Introduction: The Dresden Files Cooperative Card Game and Harry Dresden

The Dresden Files (by Jim Butcher) is an incredible series of books. It is an urban fantasy series in which a professional wizard, Harry Dresden, solves mysteries and protects the world we know from supernatural threats. It is a series in which Harry, and his allies, must work together to defeat foes from mobsters to vampires to demons to the fey.

There are currently 15 books in The Dresden Files series, with (I believe) a plan for 20 books in total. Off the back of those 15 books however, game designer Eric Vogel and game producers Evil Hat have teamed together to give us Dresden fans something to sink our teeth into.

What they produced is one of the best homages to a book series to be transferred to the tabletop medium. It is a simple yet effective game of working together to defeat both fate and the evil forces of darkness.

In the game players play the parts of Harry and his allies. Each player has a deck of 12 cards. They will start the game with a handful of cards, and use those cards to defeat the various books of The Dresden Files.
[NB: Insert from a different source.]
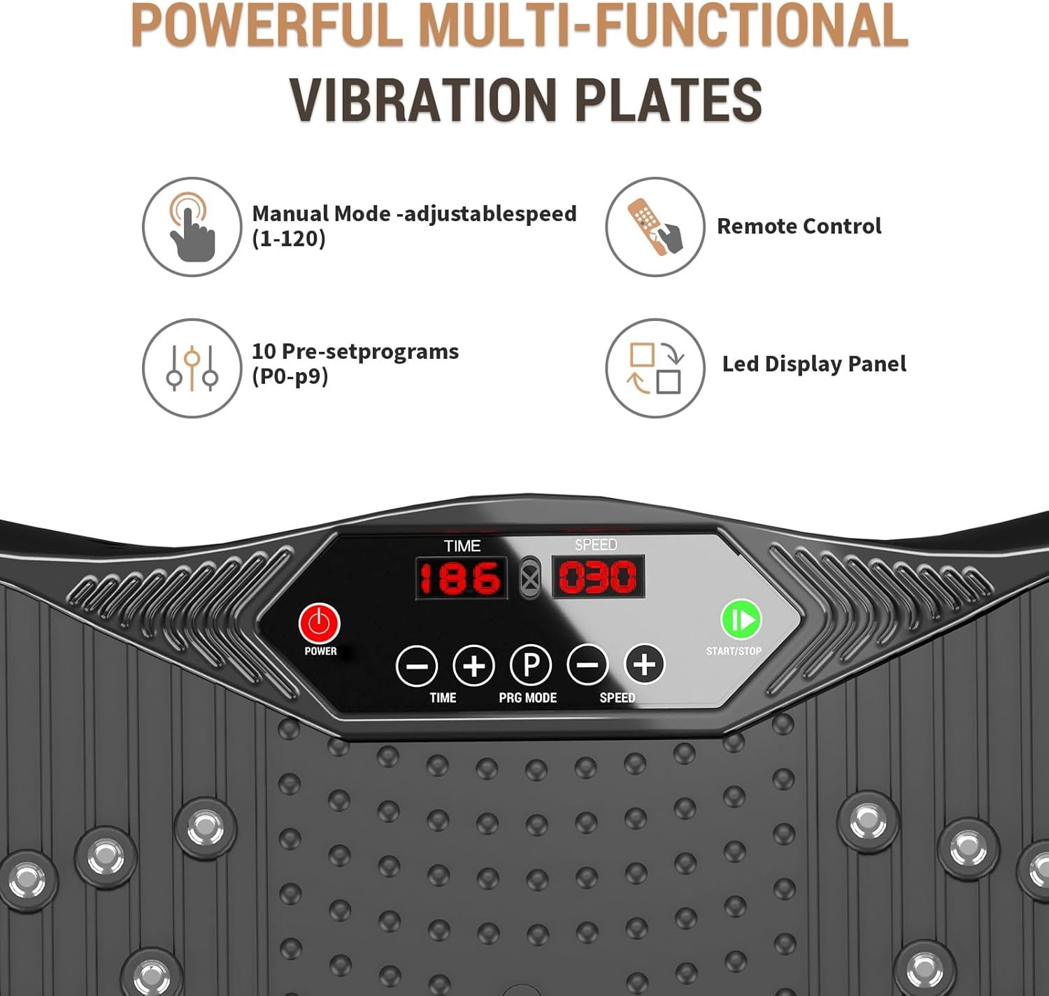 【EASY TO USE】The vibration plate offers two modes, automatic modes (P0-P9) the P button to start your workout. Manual modes allows you to adjust the vibration speed (1 to 120) and times(1-20) minutes, as well as multiple shortcut keys. Lets you try different vibration workouts

Each book is split into 13 cards, which are placed on two tracks of 6 (with each position labelled ranges 1-6, and one card being a Showdown card). These comprise of Foes, Obstacles, Cases, and Advantages. Foes need to be defeated with Attacks. Cases get defeated by Investigations (which add Clues). Obstacles get beaten by Overcome, and Advantages can be taken Advantage of.

The goal at the end is to solve more Cases than there are Foes left on the board when the players either (a) run out of cards or (b) run out of Fate Points (FP). Fate Points are needed to play cards. Cards can only affect Foes, Obstacles, Cases, or Advantages at certain Ranges.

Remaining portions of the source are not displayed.